Something like blue/green deployments, A/B testing or circuit breaking logic is possible with a bit more work, but here I'll concede that for the more advanced setups out there something like Istio and Kiali would be better solutions. Then again, those projects won't be the majority of the ones out there.

> Error handling

Depends on what you want to do here, custom error pages (or handlers), or something in regards to routing or checking for the presence of resources isn't too hard and has been done for years.

Summary:

But what's my point here? Should everyone abandon using Linkerd or Istio? Not at all! I'm just saying that even with lightweight technologies and for simpler tech stacks, having and ingress as well as something that covers most of what a service mesh would (e.g. the aforementioned Docker overlay networking, or similar solutions) can be immensely useful.

After putting Nginx in front of many of the services for projects at work, path rewriting, as well as handling special rules for certain apps has become way easier, certificate management is a breeze since it can be done with Ansible just against a single type of service, in addition to something like client certs or OIDC (though admittedly, that's mostly on my homelab, with Apache).

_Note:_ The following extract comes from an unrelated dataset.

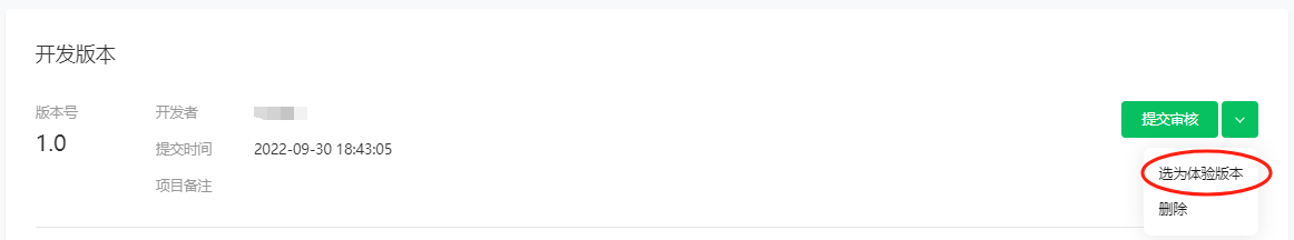 7、在版本管理中选择一个开发版本进行提交审核,小程序提交审核前需要完善小程序隐私保护设置和订单中心path,具体可参考操作手册微信小程序隐私保护设置和订单中心path

Once you actually grow past that, or have your entire business built on Kubernetes, then feel free to adopt whatever solutions you deem necessary! But don't shy away from things like this even when you have <10 applications running in about as many containers (or when you have some horizontal scalability across your nodes).

Note: you can still have HAProxy or some fancy WAF solution for your org, or anything of that sort as well - I was talking more about the scale of individual projects/applications here. It's really nice that you can layer whatever you need.

remram · on Oct 30, 2022

The point is to do all this between services, not between the user-facing apps and the users.

KronisLV · on Oct 30, 2022

In the above example, that's where Docker networking would come in (load balancing, health checks, transparent encryption of traffic) for many of those concerns.

Not all of them, unless you'd want to run a web server sidecar for your apps, which would be very much like a slightly simplified implementation of a service mesh anyways!

Then again, in my eyes the "sweet spot" of simple architecture is something like: [users] <==> [ingress] <==> [service] <==> [database/message queue/key-value store] with maybe some middleware. If you have a lot of traffic between the internal services, then maybe your architecture mandates a more fully fledged solution.

remram · on Oct 30, 2022

You don't have to use a service mesh. What you describe is not a service mesh.

It's just a little weird to start your comment with "It pains me to see that the concept of a service mesh often become Kubernetes centric" and then describe an architecture that doesn't have a service mesh.

KronisLV · on Oct 30, 2022

Fair enough, thanks for your input.